◆ Aim of the exercise
Below are records with pictures. Reproduce exactly the lines from the line with "Um legal design" to the line with "Sivo-svetloružová chlpatá čapica", inclusive, and leave each picture out.

◆ Supplied records
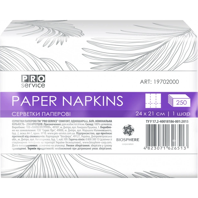 Салфетки столовые PRO service Comfort для диспенсеров однослойные 250 шт. (4823071626513)
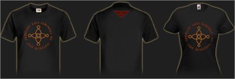 Für die Farewell Tour 2008 von The Mission entstand die Idee, ein spezielles T-Shirt für die deutschen Fans zu entwerfen. Die Vorderseite zeigt das Mission Logo mit dem Text "Germany says farewell to The Mission" und auf der Rückseite befindet sich ein kleines Label mit den Adressen der Webseiten, die offensichtlich ein wenig zum Zuhause der deutschen Fans geworden sind. Die Motive werden jeweils durch Siebdruck (2 Farben) aufgebracht, was eine hohe Farbbeständigkeit verspricht.
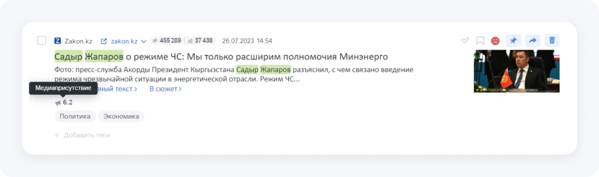 3. Доступен показатель Медиаприсутствия для оценки эффективности коммуникаций. Для каждой публикации в СМИ, а также для любого аналитического среза по СМИ автоматически рассчитывается показатель Медиаприсутствия, отражающий эффективность инициированных или иных публикаций.
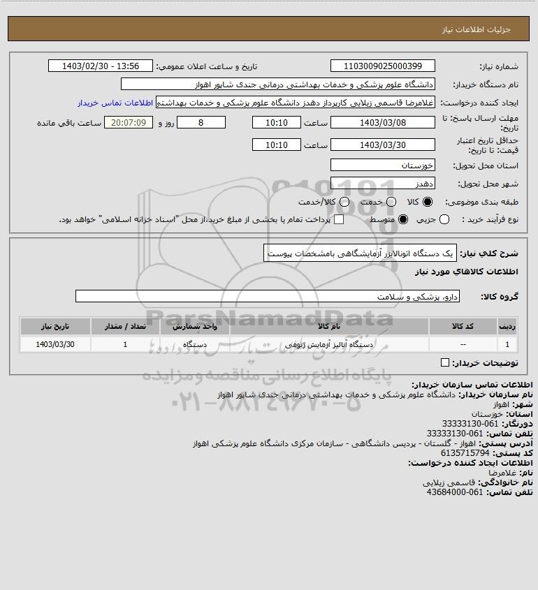 شرح کلی نیاز: یک دستگاه اتونالایزر آزمایشگاهی بامشخصات پیوست
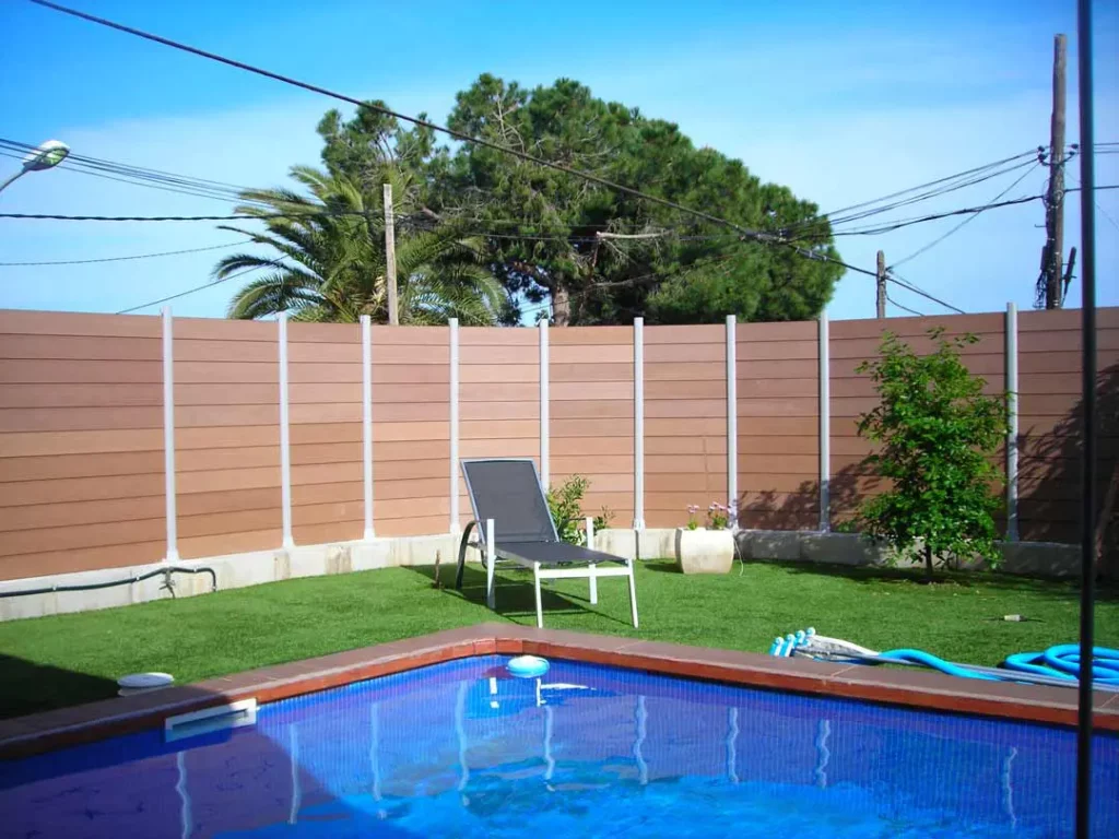 - Estética personalizable: Con las vallas de Madera Tecnológica®, puedes elegir diferentes acabados y colores que se adapten al diseño de tu espacio exterior, creando un entorno armonioso y elegante.
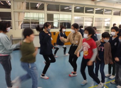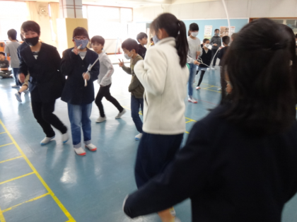 短い練習時間を大切にして、チームのみんなで息を合わせて8の字跳びの練習をしています。
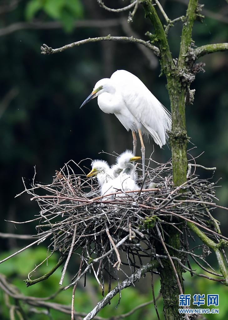 在南昌市新建區(qū)象山森林公園內(nèi),白鷺和雛鳥們?cè)谝黄穑?月18日攝)。
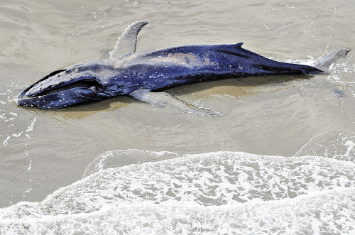 被冲上海水浴场的座头鲸尸体。
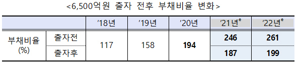 ▲ 6500억원 출자 전후 부채비율 변화
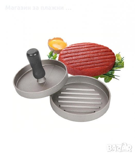 Бургер пресата е полезен уред, използван за оформянето на кюфтетата за бургери. Просто постави сместа за кюфтето в кръглата форма и натисни буталото отгоре. Ръчната преса за бургери плътно притиска кюфтето във формата, за да изкара балончетата от въздух в каймата и да гарантира равномерното изпичане на кюфтето в последствие.
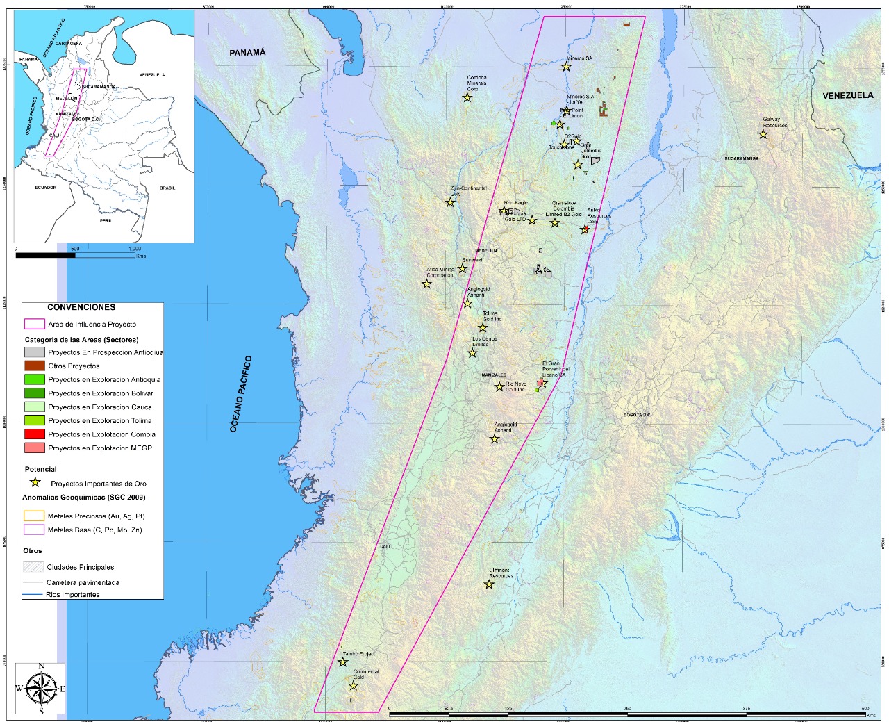 En el Departamento del Tolima, se encuentra el proyecto principal en explotación, Mina EL Gran Porvenir del Libano (MGPL), con aproximadamente 3.600 Ha., además se tienen 1.400 ha para exploración geológica, diferentes a las del proyecto MEGPL.
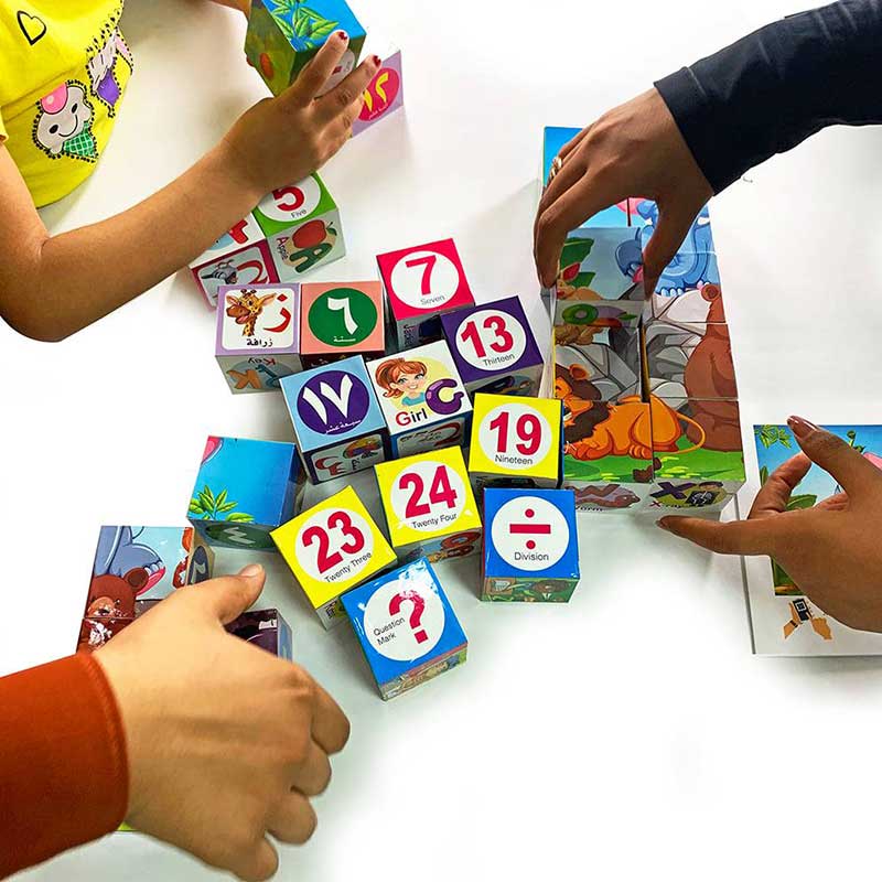 🎲 6 أوجه مختلفة لكل مكعب: لتعلّم الحروف والأرقام والأشكال بطريقة متنوعة.
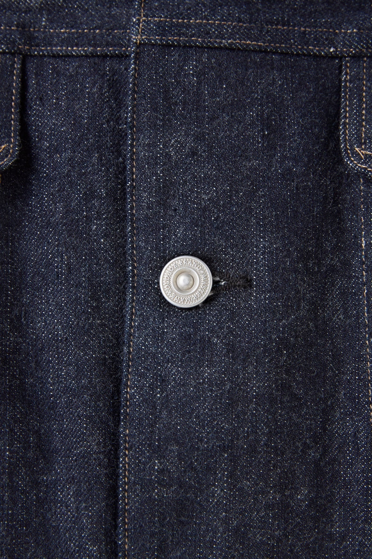 新型となるトラッカータイプのジーンジャケット。抑揚のついたポケットフラップ、美しく折り返った襟、程よくモダナイズされたフィット感、身頃脇に静かに配されたハンドウォーマーポケットなどオーセンティックな中に独自の魅力的な仕様が隠れている。
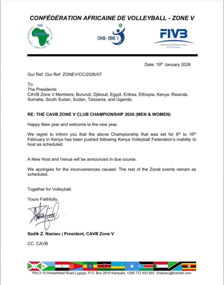 “We regret to inform you that the above Championship that was set for 8th to 16th February in Kenya has been pushed following Kenya Volleyball Federation’s inability to host as scheduled,” said CAVB Zone V President Sadik Nasiwu via a circular.
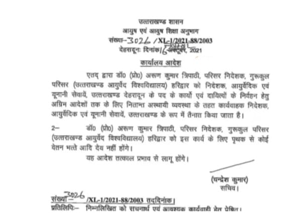 Big Breaking: उत्तराखंड आयुर्वेदिक एवं यूनानी सेवा निदेशक की जानिए किसे मिली जिम्मेदारी, देखिए आदेश…
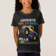 Um legal design de graduação na pré-escola de um dinossauro t rex montando um caminhão monstro "Goodbye Preschool Hello Kindergarten" para crianças, filho, filha, irmão neto, meninos, meninas, que tem formando este ano na pré-escola ou no Primeiro dia do infantário.
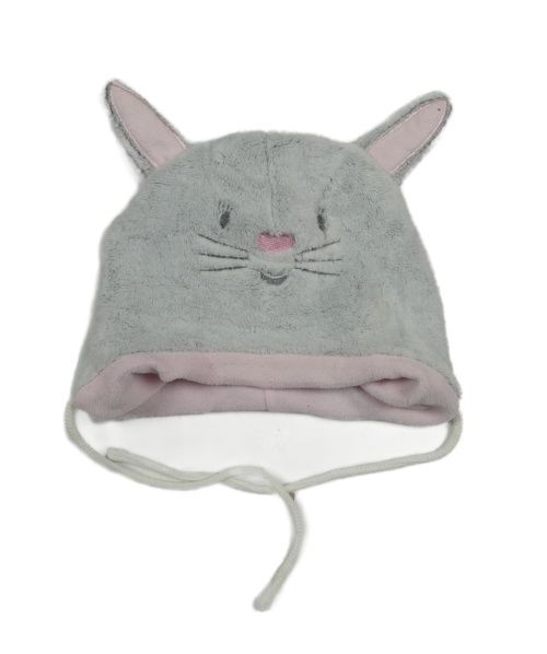 Sivo-svetloružová chlpatá čapica so zajačikom
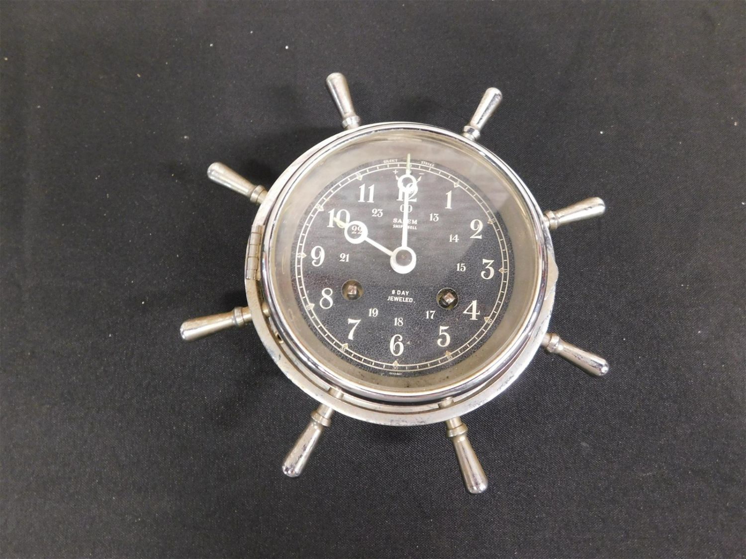 Salem ship’s clock with ship’s wheel decoration marked Salam ships bell 8-day jeweled, untested. Measures 7 inches in diameter. All invoices must be paid within 24 hours of the sale. This auction is Local Pick Up, Shipping with Liveauctioneers Live Ship or with the Local UPS Store in Monmouth Junction, NJ. Local pickups are at our Monmouth Junction location on Thursday, Friday, Saturday and Monday ONLY! All pickups are by appointment only. Any condition issues will be listed in the description. Please read the terms for full information.
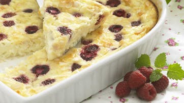 Smut mandlerne og hak dem groft. Pisk sukker og æg sammen og rør mel, hytteost og mælk i. Vend mandler og halvdelen af hindbærrene i dejen og kom den i en smurt 22 cm springform med bagepapir i bunden - eller i en hjerteform som her. Bag kagen ved 175° i 45 min. og server den lun sammen med letpisket flødeskum og resten af bærrene.
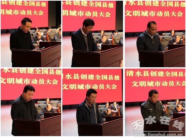 清水縣委書記劉天波出席會議并講話,縣委副書記、縣長馬越垠主持會議,縣委常委、宣傳部長張秀麗宣讀《中共清水縣委清水縣人民政府關(guān)于創(chuàng)建全國縣級文明城市工作實施方案》,縣委政法委、住建局、教體局、工商局、永清鎮(zhèn)等5個部門的負(fù)責(zé)人和綜合執(zhí)法局干部職工代表做了表態(tài)發(fā)言。
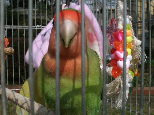 ブランコは工夫という名のセコよ、鳥グッズも数そろえると高いじゃないのー、買えないわよっ ウンコまみれになるのわかってるし~。
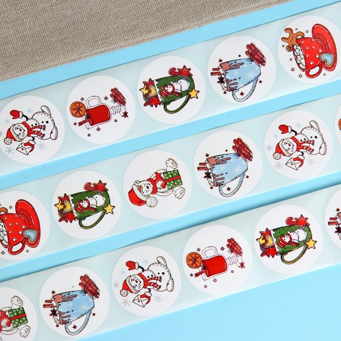 Новый год. Наклейки в рулоне "Новогодние угощения", 500 шт, 3,8 х 3,8 см
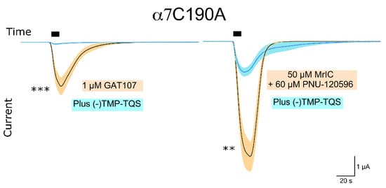 Left panel: The α7C190A current induced by 1μM GAT107 in the absence (black line, n = 7) and presence (blue line, n = 7) of (-)100 μM TMP-TQS over time. Right panel: The current induced by 60 μM PNU + 50 μM MrIC in the absence (black line, n = 6) and presence (blue line, n = 6) of 100 μM (-)TMP-TQS over time. n.s. stands for not significant, ** stands for p < 0.01, and *** stands for p < 0.001. The black box indicates the time of MrIC application. The orange and cyan bands indicate the error margins of the measurements. See the Materials and Methods section for a more detailed explanation on the measurements and how the error bands are calculated.
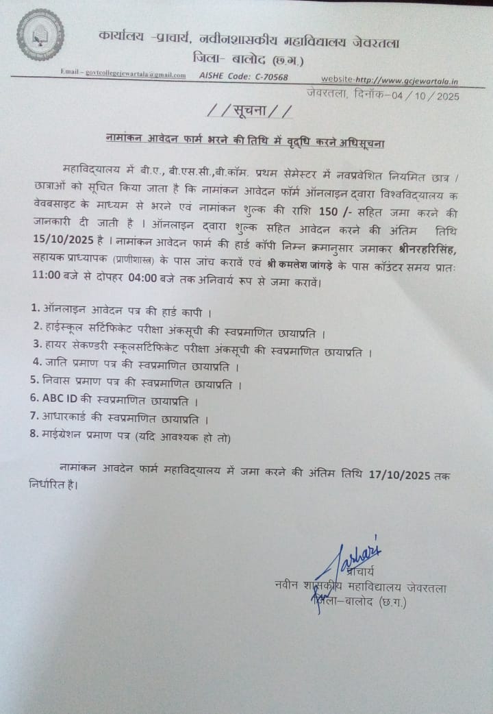 a successful multidisciplinary college established in the year 2023, this college is continuously moving ahead on the path of success and is counted as one of the newly fast growing colleges of Chhattisgarh. It's academic excellency is reflected in its learning, teaching process in Arts ,commerce and science . Honorable
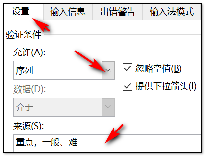 4、在弹出的对话框中,设置界面里在验证条件框里选择“序列”,在来源栏里根据实际需要输入内容,并且每种选择要用逗号隔开;
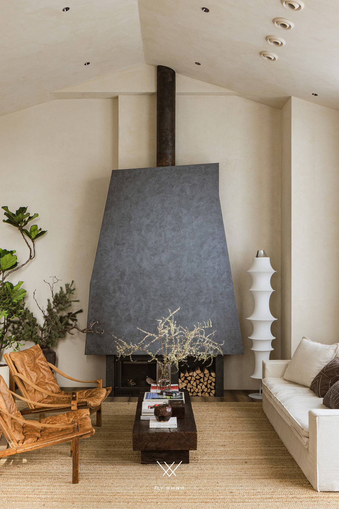 关于壁炉的来源,它的灵感来自于一个九岁的小小创作家——宋老师的女儿·可可。在最初设计期间宋老师总觉得空间里差了些味道,在家构思到深夜转头睡去,手稿堆满书桌,第二天早上发现在手稿上多了一个形状,可可的画就像是一把钥匙打开了他思路的大门,看着不规则的轮廓涌起一股灵感,宋老师以女儿画的形状为基础进行深化,有了如今别饶风致的壁炉造型,空间自此也有了它更丰沛的故事与情感。
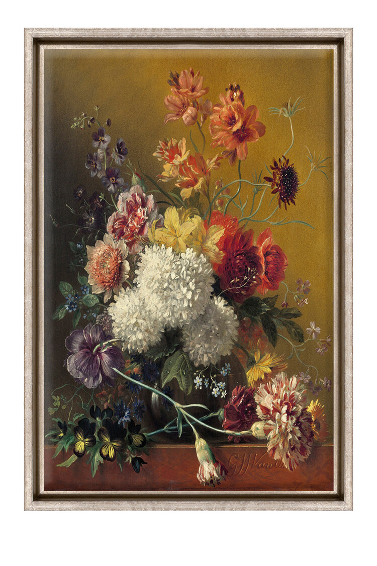 De baklijst is zilver en heeft licht koperen lijntjes, wat voor een klassieke uitstraling zorgt. De lijst past goed bij werken met zachte kleuren.

◆ Solution to this problem
 Um legal design de graduação na pré-escola de um dinossauro t rex montando um caminhão monstro "Goodbye Preschool Hello Kindergarten" para crianças, filho, filha, irmão neto, meninos, meninas, que tem formando este ano na pré-escola ou no Primeiro dia do infantário.
 Sivo-svetloružová chlpatá čapica so zajačikom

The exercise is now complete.